The purpose of the OFBCI was to fulfill campaign promises made by Bush in regards to “compassionate conservatism.” Huh? Say what? I’m willing to bet dollars to donuts that’s a phrase you haven’t heard about in a long, long time! Now I wonder why that might be?
What ever happened to this grand vision of conservatism that helped Bush win his way into the White House? That’s a good question.
I submit that Bush’s wholesale abandonment of compassionate conservatism may very well be one of the biggest “flip flops” in the history of U.S. politics. Ironic, eh? Yes, at first he kept his promise by creating the OFBCI, but then, as his presidency ground on, what did he do about it except lip service, if even that?
You might think Obama wouldn’t stand for a faith-based office in his White House. You’d be wrong. He kept the office, although he renamed it to be the “White House Office of Faith-Based and Neighborhood Partnerships.”

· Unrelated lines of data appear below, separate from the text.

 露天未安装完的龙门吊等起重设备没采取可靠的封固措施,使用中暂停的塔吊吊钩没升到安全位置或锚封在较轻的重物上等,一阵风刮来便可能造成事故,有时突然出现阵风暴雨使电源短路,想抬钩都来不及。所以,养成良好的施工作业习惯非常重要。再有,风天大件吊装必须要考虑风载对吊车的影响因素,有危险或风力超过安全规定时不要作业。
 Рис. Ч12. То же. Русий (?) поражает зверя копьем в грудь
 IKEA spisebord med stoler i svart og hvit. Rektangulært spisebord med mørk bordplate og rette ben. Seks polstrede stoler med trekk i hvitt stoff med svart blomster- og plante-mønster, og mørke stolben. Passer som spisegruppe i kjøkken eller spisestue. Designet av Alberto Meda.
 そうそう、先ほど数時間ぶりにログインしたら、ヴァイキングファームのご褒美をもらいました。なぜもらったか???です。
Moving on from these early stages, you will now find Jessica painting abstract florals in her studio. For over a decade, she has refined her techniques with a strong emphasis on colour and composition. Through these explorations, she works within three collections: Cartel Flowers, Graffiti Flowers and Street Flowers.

Some people (like Glenn Beck and Rush Limbaugh) will shout loudly that the phrase “separation of church and state” doesn’t appear in the U.S. Constitution. They are correct. Of course, neither do the words God, creator or maker. Yes, they are always quick to point out that the Declaration of Independence mentions a “Creator.” But that word didn’t originally appear in the draft by Thomas Jefferson or the copy that John Adams wrote in his own hand. It got in there some other way before it was signed. Additionally, that document, wonderful as it is, has no legal bearing on our legal system today. That, of course, comes from the U.S. Constitution. When is the last time you ever heard of an indepencian law? Yeah, I thought so.
What is the truth about what the founding fathers wanted? Many are quick to claim that they wanted this or they wanted that. I merely cling to the position: If they wanted this to be a Christian nation, wouldn’t they have bothered to actually mention it in our most basic legal document?

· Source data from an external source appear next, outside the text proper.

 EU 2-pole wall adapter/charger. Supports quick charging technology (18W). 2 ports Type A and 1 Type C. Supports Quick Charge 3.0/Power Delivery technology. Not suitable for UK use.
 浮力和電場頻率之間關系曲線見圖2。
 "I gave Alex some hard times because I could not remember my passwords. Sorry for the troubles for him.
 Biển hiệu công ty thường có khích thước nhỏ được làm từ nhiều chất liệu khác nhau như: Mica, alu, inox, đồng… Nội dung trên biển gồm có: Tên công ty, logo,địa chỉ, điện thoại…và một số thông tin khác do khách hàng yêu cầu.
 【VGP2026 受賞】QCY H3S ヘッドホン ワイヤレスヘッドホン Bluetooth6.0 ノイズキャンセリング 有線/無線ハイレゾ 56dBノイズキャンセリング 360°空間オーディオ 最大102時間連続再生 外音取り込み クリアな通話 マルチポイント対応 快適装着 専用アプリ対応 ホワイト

Constitutional Myth #4: The Constitution Doesn’t Separate Church and State
What’s scarier than someone with a gun? Someone with a gun and an imaginary friend. (Or a nuclear arsenal.) Someone who believes apocryphal myths (rather than verifiable facts) about the past to support his actions and beliefs today.
Weird.
You don’t have the Constitution for that
People argue a lot about God and country and the Constitution. Most of it centers around the argument that America was intended to be a “Christian nation.”

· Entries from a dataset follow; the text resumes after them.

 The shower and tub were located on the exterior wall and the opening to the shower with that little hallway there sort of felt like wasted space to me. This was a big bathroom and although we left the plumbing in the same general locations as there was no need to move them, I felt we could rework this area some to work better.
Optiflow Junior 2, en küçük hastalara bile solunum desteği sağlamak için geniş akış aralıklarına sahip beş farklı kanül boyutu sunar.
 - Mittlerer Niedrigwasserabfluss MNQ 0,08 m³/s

For example, someone once said something like this to me: The Constitution makes no mention of a “wall of separation between church and state.”
The fellow who wrote that to me actually misspelled “Constitution” but I feel like being nice so I corrected it so he doesn’t look stupid. He also went on to add that the “separation doctrine” is an invention of the Supreme Court.
I have to admit, those statements made me curious. So I went and did some checking. I examined a document that most of us would probably accept as an absolute authority on the matter – The Constitution of the United States. Grab a copy of the Constitution and you can fact check my results if you want.
So, what does the Constitution of the United States say about God and religion anyway? Not much, it turns out. Based on the following facts, can the wall of separation be inferred, especially in light of comments by certain “founding fathers” that were made later?
From what power is the Constitution of the United States derived? I checked. The word “God” can’t be found there. Nor “Christ” or “Christianity” or “Creator” or “Maker.”
All I can find is a reference to “We the people…” That is where the power of the United States government lies.
The word “religion” is not found, but “religious” does result in one hit:
From Article VI. “… no religious Test shall ever be required as a Qualification to any Office or public Trust under the United States.”
That’s it. That’s all I could find. I’m now going to make an assumption: If this was supposed to be a country based on Christianity, don’t you think some of those terms would have been a skosh more prominent? Might they even have gone as far as to actually mention it?
If it was so bloody important, why on Earth would the founding fathers leave it completely out of the document we hold most dear?